▼▼▼

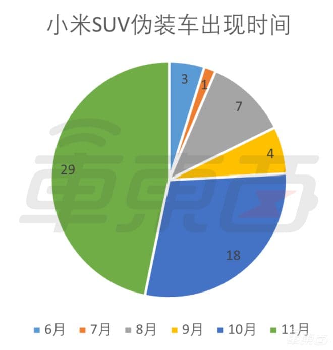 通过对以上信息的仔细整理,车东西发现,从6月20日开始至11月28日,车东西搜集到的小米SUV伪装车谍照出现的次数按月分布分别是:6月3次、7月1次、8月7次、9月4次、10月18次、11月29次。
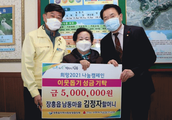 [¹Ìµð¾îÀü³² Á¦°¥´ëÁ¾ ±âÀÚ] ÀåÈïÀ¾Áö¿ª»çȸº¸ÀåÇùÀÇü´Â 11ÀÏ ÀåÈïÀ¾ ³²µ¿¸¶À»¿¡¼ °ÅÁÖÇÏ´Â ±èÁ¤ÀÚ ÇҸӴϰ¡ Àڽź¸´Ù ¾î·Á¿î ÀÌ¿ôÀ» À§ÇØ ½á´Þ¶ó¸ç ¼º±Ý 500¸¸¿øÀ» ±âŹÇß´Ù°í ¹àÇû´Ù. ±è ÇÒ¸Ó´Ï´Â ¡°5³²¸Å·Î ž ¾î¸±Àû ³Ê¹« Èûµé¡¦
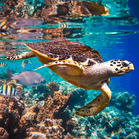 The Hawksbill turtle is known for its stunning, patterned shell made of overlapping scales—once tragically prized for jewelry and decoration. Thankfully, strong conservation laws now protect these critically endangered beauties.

▲▲▲

◆ Task goal
All of the data above should be quoted exactly, except for the pictures.

◆ Completed task
 通过对以上信息的仔细整理,车东西发现,从6月20日开始至11月28日,车东西搜集到的小米SUV伪装车谍照出现的次数按月分布分别是:6月3次、7月1次、8月7次、9月4次、10月18次、11月29次。
 [¹Ìµð¾îÀü³² Á¦°¥´ëÁ¾ ±âÀÚ] ÀåÈïÀ¾Áö¿ª»çȸº¸ÀåÇùÀÇü´Â 11ÀÏ ÀåÈïÀ¾ ³²µ¿¸¶À»¿¡¼ °ÅÁÖÇÏ´Â ±èÁ¤ÀÚ ÇҸӴϰ¡ Àڽź¸´Ù ¾î·Á¿î ÀÌ¿ôÀ» À§ÇØ ½á´Þ¶ó¸ç ¼º±Ý 500¸¸¿øÀ» ±âŹÇß´Ù°í ¹àÇû´Ù. ±è ÇÒ¸Ó´Ï´Â ¡°5³²¸Å·Î ž ¾î¸±Àû ³Ê¹« Èûµé¡¦
 The Hawksbill turtle is known for its stunning, patterned shell made of overlapping scales—once tragically prized for jewelry and decoration. Thankfully, strong conservation laws now protect these critically endangered beauties.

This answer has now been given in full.